本来想把2020年全明星的成员都训练一遍再进行识别，后来发现识别率较低，可能是数据量不够，每个文件夹下的图片大概有20-25张。因此最后提交作业时仅训练了三个类别。

此次项目仅仅是融合了前两篇博客的内容，并对主函数做了一些调整，由于是课程项目作业，所以并未深究一些论文细节。

完整项目可直接参考博客2里的源码，以下代码是对/face_recognition/test_image.py所做的修改：

# -*- coding: utf-8 -*-
import os
import sys

BASE_DIR = os.path.dirname(os.path.abspath(__file__))
sys.path.append(BASE_DIR)
sys.path.append(os.path.join(BASE_DIR, '../ui_with_tkinter'))
sys.path.append(os.path.join(BASE_DIR, '../face_recognition'))
import classifier as clf
import numpy as np
import cv2
import tensorflow as tf
import facenet
import detect_face
import align_dlib
import dlib
from PIL import Image, ImageDraw, ImageFont

os.environ["CUDA_VISIBLE_DEVICES"] = '0'  # use GPU with ID=0
config = tf.ConfigProto()
config.gpu_options.per_process_gpu_memory_fraction = 0.5  # maximun alloc gpu50% of MEM
config.gpu_options.allow_growth = True  # allocate dynamically


def predict_labels(best_model_list,
                   test_features,
                   all_data=False):
    """Predict with the best three models.
    Inputs:
      - best_model_list: A list contains the best three models.
      - test_features: A numpy array contains the features of the test images.
      - face_number: An integer, the number of faces that we found in the test image.
      - all_data: True or False, whether the model is trained with all data.

    Return:
      - labels_array: A numpy array contains the labels which predicted by
            the best three models .
    """
    labels_array = []
    for index, model in enumerate(best_model_list):
        if all_data:
            predict = model[0].predict(test_features)
        else:
            predict = model[0].predict(test_features)
        labels_array.append(predict)

    labels_array = np.array(labels_array)
    return labels_array


def predict_probability(best_probability_model,
                        test_features,
                        face_number,
                        all_data=False):
    """Predict with softmax probability model.
    Inputs:
      - best_probability_model: The best pre_trained softmax model.
      - test_features: A numpy array contains the features of the test images.
      - face_number: An integer, the number of faces that we found in the test image.
      - all_data: True or False, whether the model is trained with all data.

    Returns:
      - labels: A numpy array contains the predicted labels.
      - probability: A numpy array contains the probability of the label.
    """
    labels, probability = None, None
    if face_number is not 0:
        if all_data:
            labels = best_probability_model[0].predict(test_features)
            all_probability = best_probability_model[0].predict_proba(test_features)
        else:
            labels = best_probability_model[0].predict(test_features)
            all_probability = best_probability_model[0].predict_proba(test_features)
        print('all_probability', all_probability)
        print('labels', labels)
        print('all_probability.shape', all_probability.shape)

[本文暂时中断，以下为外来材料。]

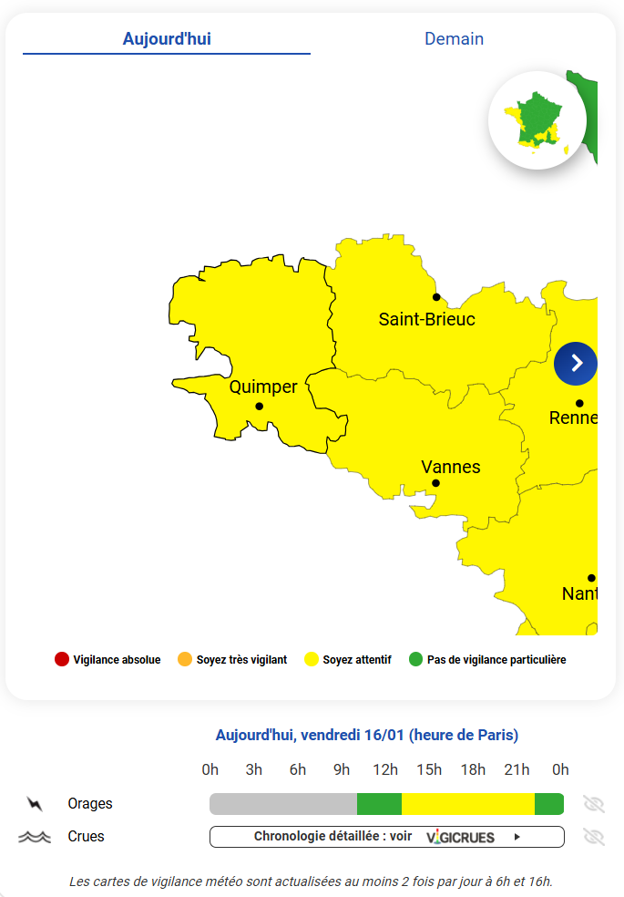 👉Maintien de la vigilance jaune sur les autres bassins

        # print(probability.shape) -> (face_number, class_number)
        # print(all_probability)
        probability = all_probability[np.arange(face_number), np.argmax(all_probability, axis=1)]
        # np.argmax(all_probability, axis=1)]
        print('probability', probability)
        print('probability.shape', probability.shape)

    return labels, probability


def find_people_from_image(best_probability_model, test_features, face_number, all_data=False):
    """
    Inputs:
      - best_probability_model: The best pre_trained softmax model.
      - test_features: A numpy array contains the features of the test images.
      - face_number: An integer, the number of faces that we found in the test image.
      - all_data: If all_data is True, using the models which trained by all
          training data. Otherwise using the models which trained by partial data.

    e.g.
    test_features: [feature_1, feature_2, feature_3, feature_4, feature_5]

    first we get all predictive labels and their corresponding probability
    [(A, 0.3), (A, 0.2), (B, 0.1), (B, 0.3), (C, 0.1)]
    second we choose the maximum probability for each unique label
    [(A, 0.3), (B, 0.3), (C, 0.1)]
    finally, get the indices for each unique label.
    [0, 3, 4]

    then return
    label:
    probability:
    unique_labels: [A, B, C]
    unique_probability: [0.3, 0.3, 0.1]
    unique_indices: [0, 3, 4]
    """
    labels, probability = predict_probability(
        best_probability_model, test_features, face_number, all_data=all_data)

    unique_labels = np.unique(labels)
    print('unique_labels', unique_labels)
    unique_probability, unique_indices = [], []

    for label in unique_labels:
        indices = np.argwhere(labels == label)[:, 0]
        unique_probability.append(np.max(probability[indices]))
        unique_indices.append(indices[np.argmax(probability[indices])])

    unique_probability = np.array(unique_probability)
    unique_indices = np.array(unique_indices)
    print('unique_probability', unique_probability)
    print('unique_indices', unique_indices)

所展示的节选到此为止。